__EXERCISE MATERIALS__
+ + + + + + +
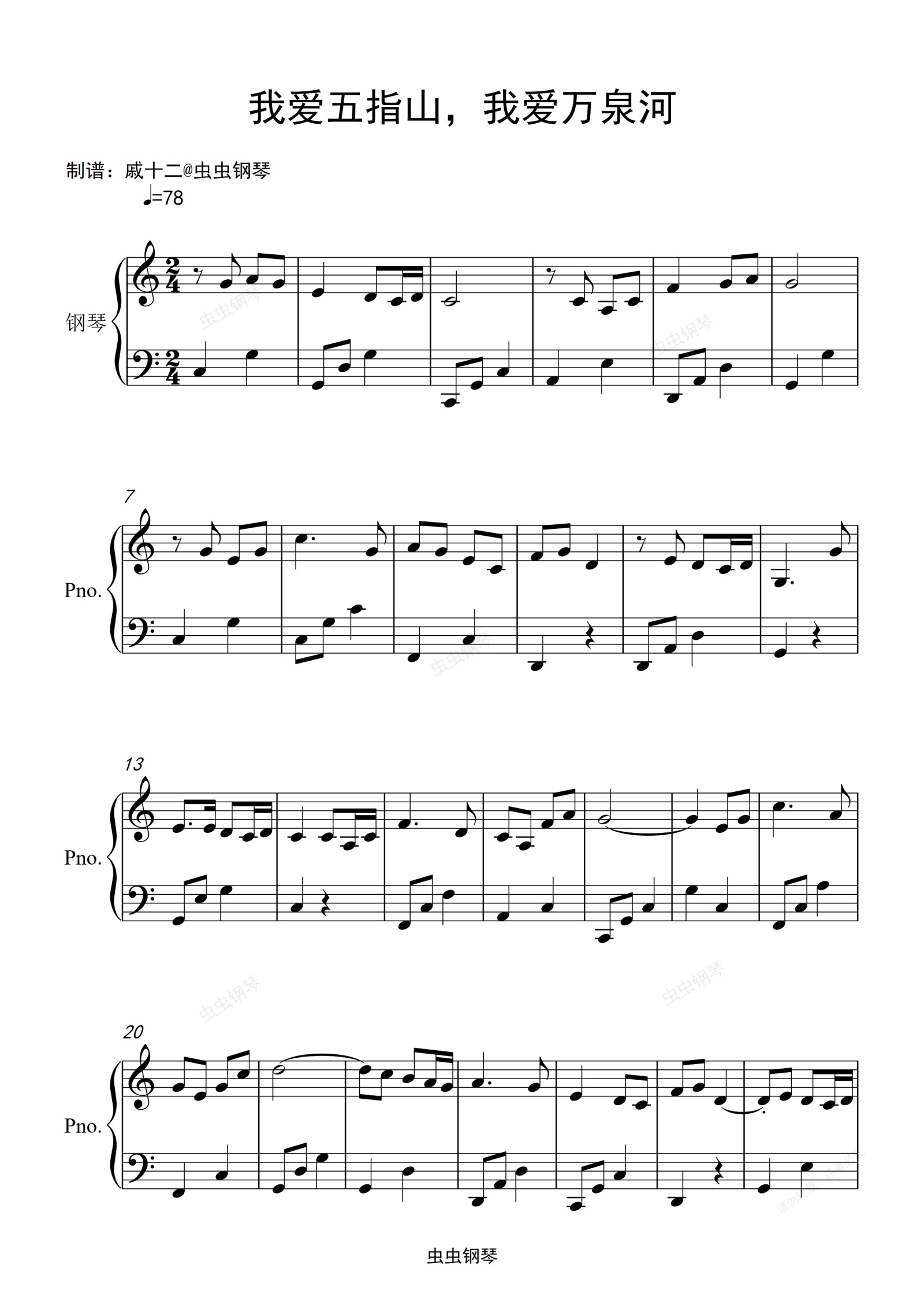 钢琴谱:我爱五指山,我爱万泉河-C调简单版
+ + + + + + +
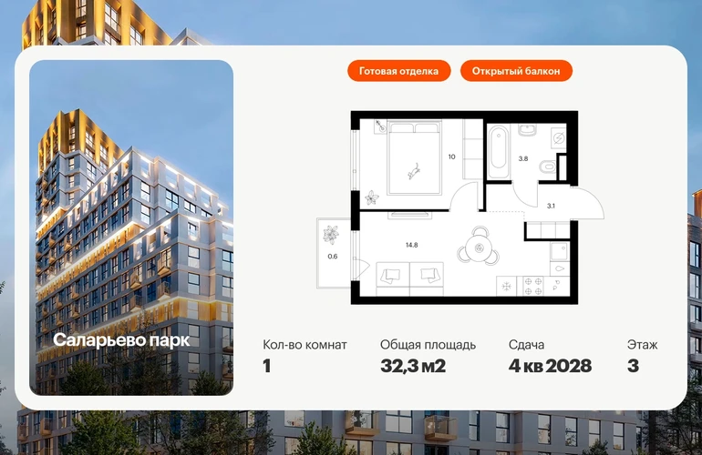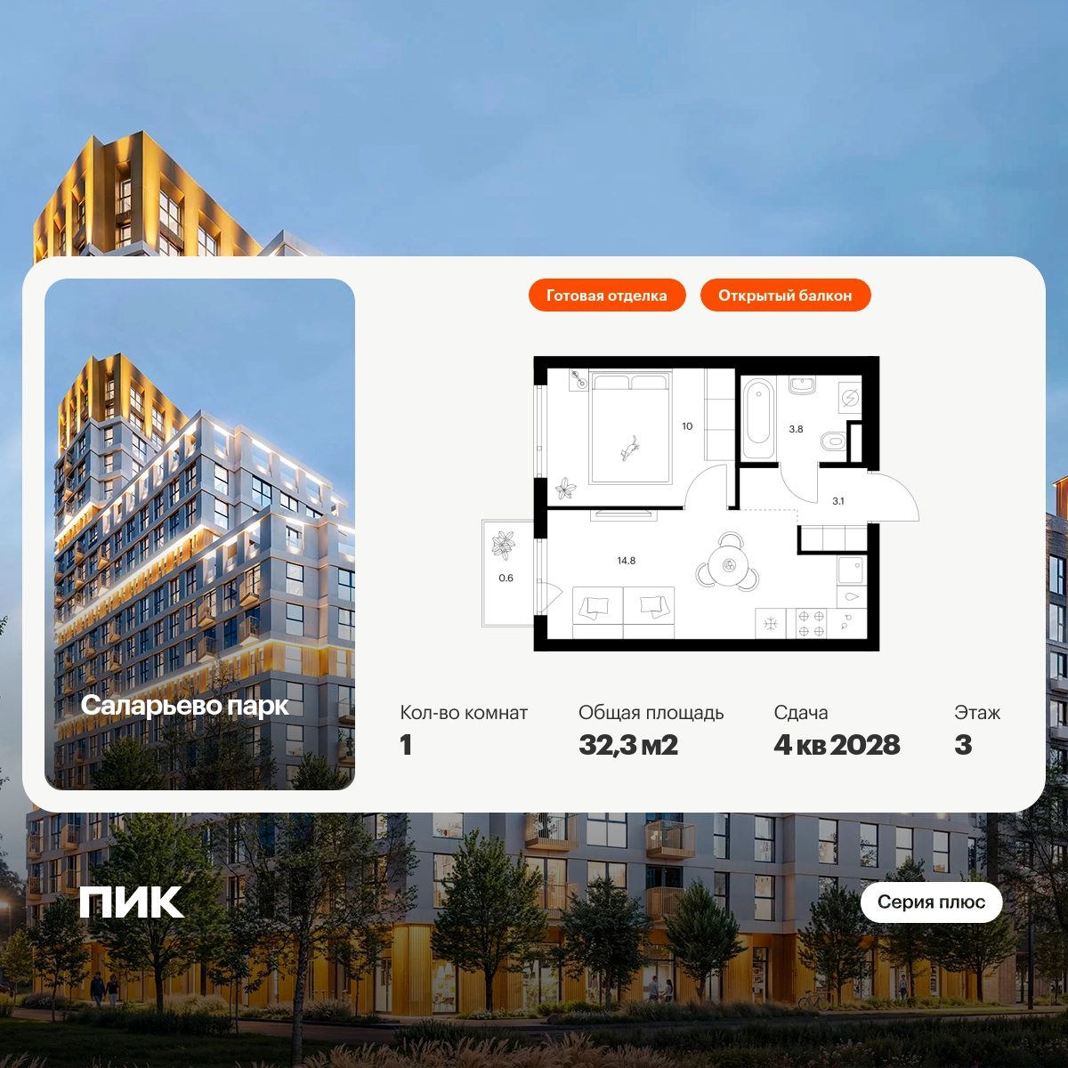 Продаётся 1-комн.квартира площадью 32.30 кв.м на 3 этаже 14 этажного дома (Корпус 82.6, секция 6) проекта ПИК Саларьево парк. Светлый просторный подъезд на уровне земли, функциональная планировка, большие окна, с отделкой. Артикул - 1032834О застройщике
+ + + + + + +
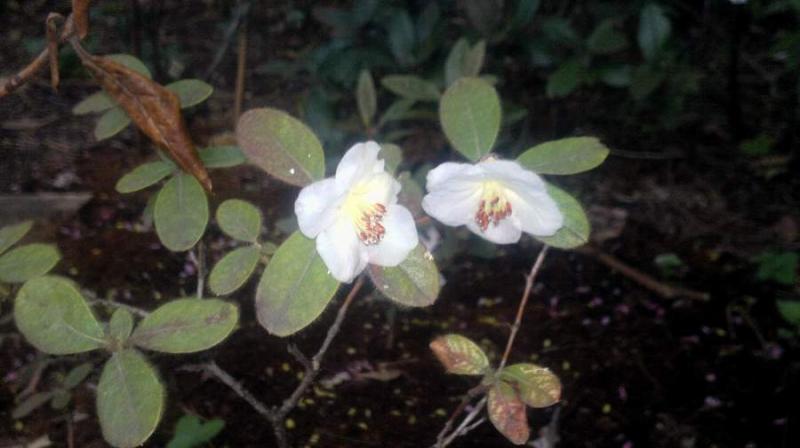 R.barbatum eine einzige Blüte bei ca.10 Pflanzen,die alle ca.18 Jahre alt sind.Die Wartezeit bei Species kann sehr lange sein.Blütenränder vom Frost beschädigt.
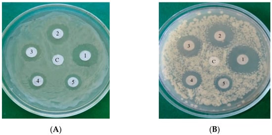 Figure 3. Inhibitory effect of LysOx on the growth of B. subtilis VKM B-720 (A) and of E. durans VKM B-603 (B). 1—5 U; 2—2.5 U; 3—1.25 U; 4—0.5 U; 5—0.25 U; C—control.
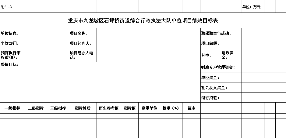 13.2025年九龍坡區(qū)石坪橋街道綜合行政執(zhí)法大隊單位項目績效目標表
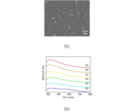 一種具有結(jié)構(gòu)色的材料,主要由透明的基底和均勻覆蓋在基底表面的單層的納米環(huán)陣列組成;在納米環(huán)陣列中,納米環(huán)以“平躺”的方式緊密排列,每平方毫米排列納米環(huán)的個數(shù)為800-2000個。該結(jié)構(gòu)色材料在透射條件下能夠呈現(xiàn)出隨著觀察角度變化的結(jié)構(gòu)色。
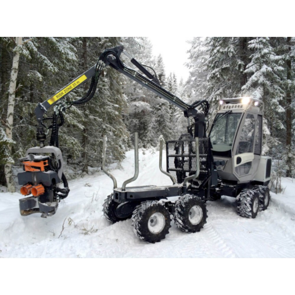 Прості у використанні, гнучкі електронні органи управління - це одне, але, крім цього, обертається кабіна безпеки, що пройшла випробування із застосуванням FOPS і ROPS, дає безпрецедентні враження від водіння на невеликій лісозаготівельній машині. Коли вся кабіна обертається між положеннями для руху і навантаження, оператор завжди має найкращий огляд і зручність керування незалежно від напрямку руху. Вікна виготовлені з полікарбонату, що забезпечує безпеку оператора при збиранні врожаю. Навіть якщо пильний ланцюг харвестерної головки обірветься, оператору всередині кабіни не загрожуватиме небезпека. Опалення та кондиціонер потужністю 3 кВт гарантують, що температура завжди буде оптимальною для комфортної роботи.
+ + + + + + +
__PROBLEM DESCRIPTION__
Look above for the line with "13.2025年九龍坡區(q" and the line with "Прості у використанні, гнучкі"; set down those two lines and all lines between them exactly, without pictures and without anything else.

__RESPONSE AREA__
 13.2025年九龍坡區(qū)石坪橋街道綜合行政執(zhí)法大隊單位項目績效目標表
 一種具有結(jié)構(gòu)色的材料,主要由透明的基底和均勻覆蓋在基底表面的單層的納米環(huán)陣列組成;在納米環(huán)陣列中,納米環(huán)以“平躺”的方式緊密排列,每平方毫米排列納米環(huán)的個數(shù)為800-2000個。該結(jié)構(gòu)色材料在透射條件下能夠呈現(xiàn)出隨著觀察角度變化的結(jié)構(gòu)色。
 Прості у використанні, гнучкі електронні органи управління - це одне, але, крім цього, обертається кабіна безпеки, що пройшла випробування із застосуванням FOPS і ROPS, дає безпрецедентні враження від водіння на невеликій лісозаготівельній машині. Коли вся кабіна обертається між положеннями для руху і навантаження, оператор завжди має найкращий огляд і зручність керування незалежно від напрямку руху. Вікна виготовлені з полікарбонату, що забезпечує безпеку оператора при збиранні врожаю. Навіть якщо пильний ланцюг харвестерної головки обірветься, оператору всередині кабіни не загрожуватиме небезпека. Опалення та кондиціонер потужністю 3 кВт гарантують, що температура завжди буде оптимальною для комфортної роботи.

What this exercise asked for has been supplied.